Aktuell

Eilantrag gegen Neuregelung strafprozessualer Ermittlungsmaßnahmen im Gesetz über die „Vorratsdatenspeicherung“ erfolglos

Die Pressestelle des Bundesverfassungsgerichtes teilte am 07.11.2008 mit: Mit dem Gesetz zur Neuregelung der Telekommunikationsüberwachung und anderer verdeckter Ermittlungsmaßnahmen sowie zur Umsetzung der
Richtlinie 2006/24/EG wurden neben der sogenannten
Vorratsdatenspeicherung auch einzelne Vorschriften der
Strafprozessordnung neugefaßt.

Die Antragsteller in den hier zu entscheidenden Verfahren wenden sich gegen die Neufassungen der § 100a Abs. 2 und Abs. 4 (Überwachung der Telekommunikation) und § 100f StPO (Abhören außerhalb der Wohnung) durch Art. 1 Nr. 7 und Nr. 11 des
Gesetzes zur Neuregelung der Telekommunikationsüberwachung sowie die
durch Art. 1 Nr. 12 dieses Gesetzes neu eingeführte Bestimmung des §
110 Abs. 3 StPO (Durchsicht elektronischer Speichermedien). Die
Antragsteller im Verfahren 2 BvR 236/08 wenden sich zudem gegen den
durch Art. 1 Nr. 13a des Gesetzes zur Neuregelung der
Telekommunikationsüberwachung neu eingefügten § 160a StPO (Schutz
zeugnisverweigerungsberechtigter Berufsgeheimnisträger). Sie haben
neben ihren erhobenen Verfassungsbeschwerden einen Eilantrag gestellt,
mit dem sie die einstweilige Aussetzung der durch das Gesetz zur
Neuregelung der Telekommunikationsüberwachung eingeführten
Vorratsdatenspeicherung von Telekommunikations-Verkehrsdaten zu
Zwecken der öffentlichen Sicherheit in § 111, § 113a
Telekommunikationsgesetz und der Änderungen und Neueinführung der §
100a Abs. 2 und Abs. 4, § 100f, § 110 Abs. 3 und § 160a StPO begehren.

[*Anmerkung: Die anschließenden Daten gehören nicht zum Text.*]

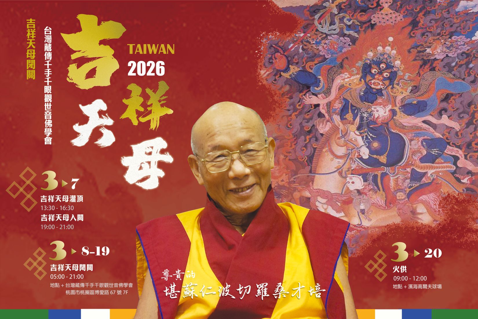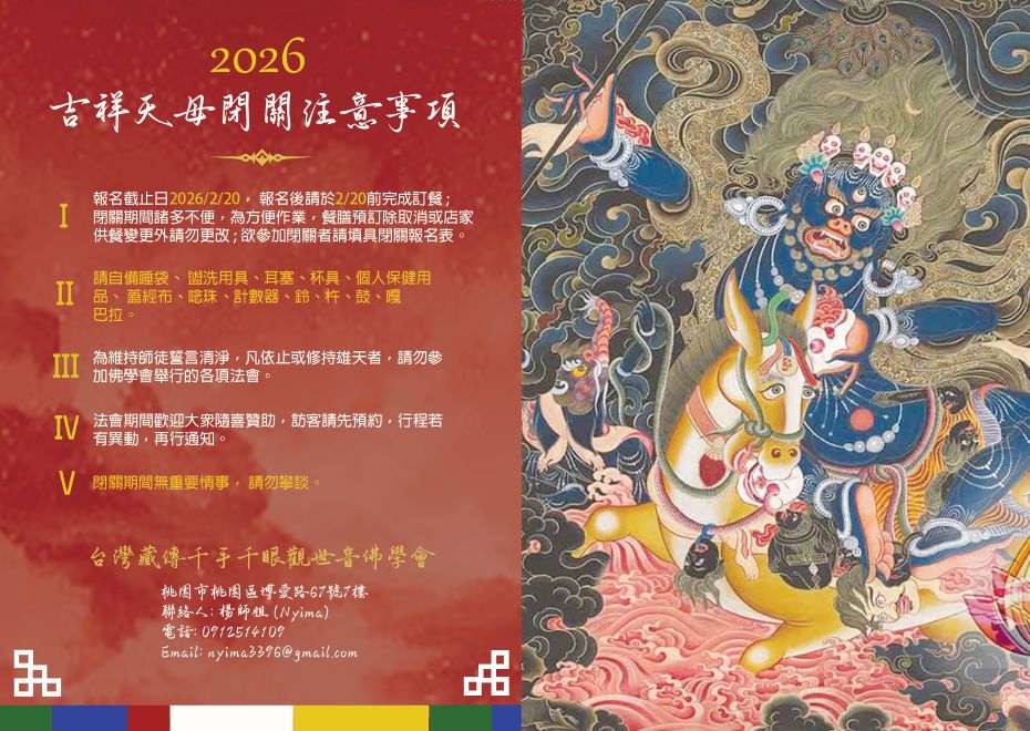 吉祥天母灌頂&閉關 主法上師:尊貴 羅桑才培 格魯 閉關 2026/03/07~2026/03/19 尊貴羅桑才培堪仁波切 台灣藏傳千手千眼觀世音佛學會 吉祥天母灌頂及閉關 尊貴的 堪蘇仁波切羅桑才培 吉祥天母灌頂 13:30 - 16:30 吉祥天母入關 19:00 - 21:00 吉祥天母閉關 05:00 - 21:00 地點:台灣藏傳千手千眼觀世音佛學會 (桃園市桃圈區博愛路67號7F) 友善列印 上一篇:普陀禪林-丙午新春祈福光明法會 下一篇:大手印禪修引導 精選法訊 台灣佛法顯密洲佛學會2026.1月法訊 2026/02/09~2026/02/20 寧瑪 灌頂 宗薩遍喜自在學佛會2月法訊 2026/02/09~2026/03/01 薩迦 法會 2/15(日)米滂仁波切之『給薩王』灌頂 2026/02/09~2026/02/15 寧瑪 灌頂 2026年2月11日空行母會薈供日 2026/02/11 噶舉 共修 2025農曆歲末除障法會 2026/02/13~2026/02/27 寧瑪 法會 歲末除障暨新春祈福大法會 2026/02/13~2026/02/18 格魯 法會 2026年化解太歲必修! 2026/02/14 薩迦 法會 2026度母破陣除障法會 2026/02/14~2026/02/16 薩迦 法會 喇嘛網| Facebook 全球慈悲智慧數位佛學院 全球藏傳佛教最新弘法訊息﹝ Google全球第一資訊同步 ﹞

Nachdem verschiedene Verfassungsbeschwerden beim
Bundesverfassungsgericht eingegangen waren, hat der zuständige
Ausschuss in diesen Verfahren die Zuständigkeit gem. § 14 Abs. 5
BVerfG geklärt (Pressemitteilung Nr. 11/2008 vom 30. Januar 2008). Der
Erste Senat des Bundesverfassungsgerichts hat in einem
Parallelverfahren bereits über den Eilantrag auf Aussetzung der
Regelungen zur Vorratsdatenspeicherung von
Telekommunikations-Verkehrsdaten eine einstweilige Anordnung erlassen
(Pressemitteilung Nr. 37/2008 vom 19. März 2008).

Der Zweite Senat des Bundesverfassungsgerichts hat in den vorliegenden
Verfahren die Anträge auf Erlass einer einstweiligen Anordnung
verworfen, soweit sich die Antragsteller gegen die Neuregelungen in §
100f und § 110 Abs. 3 StPO n.F. wenden, weil die in der Hauptsache
erhobenen Verfassungsbeschwerden wegen Zeitablaufs und mangelnder
Beschwer von vornherein unzulässig sind.

Soweit sich die Antragsteller gegen die Regelungen in § 100a Abs. 2
und Abs. 4 sowie § 160a StPO n.F. wenden, sind die Anträge auf Erlass
einer einstweiligen Anordnung abgelehnt worden. Die in diesen
Verfassungsbeschwerden aufgeworfenen Fragen bedürfen einer umfassenden
Prüfung im Hauptsacheverfahren und können insoweit als offen angesehen
werden. Deshalb sind die Folgen, die eintreten würden, wenn die
einstweilige Anordnung nicht erginge, die Verfassungsbeschwerden
später aber Erfolg hätten, gegen die Nachteile abzuwägen, die
entstünden, wenn die begehrte einstweilige Anordnung erlassen würde,
den Verfassungsbeschwerden aber der Erfolg zu versagen wäre. Insoweit
konnte das erforderliche deutliche Überwiegen der für den Erlass einer
einstweiligen Anordnung sprechenden Belange für den Bereich der
strafprozessualen Eingriffsmaßnahmen auch unter Berücksichtigung nicht
auszuschließender Einwirkungen auf das Kommunikationsverhalten der
Bürger durch den Senat nicht festgestellt werden.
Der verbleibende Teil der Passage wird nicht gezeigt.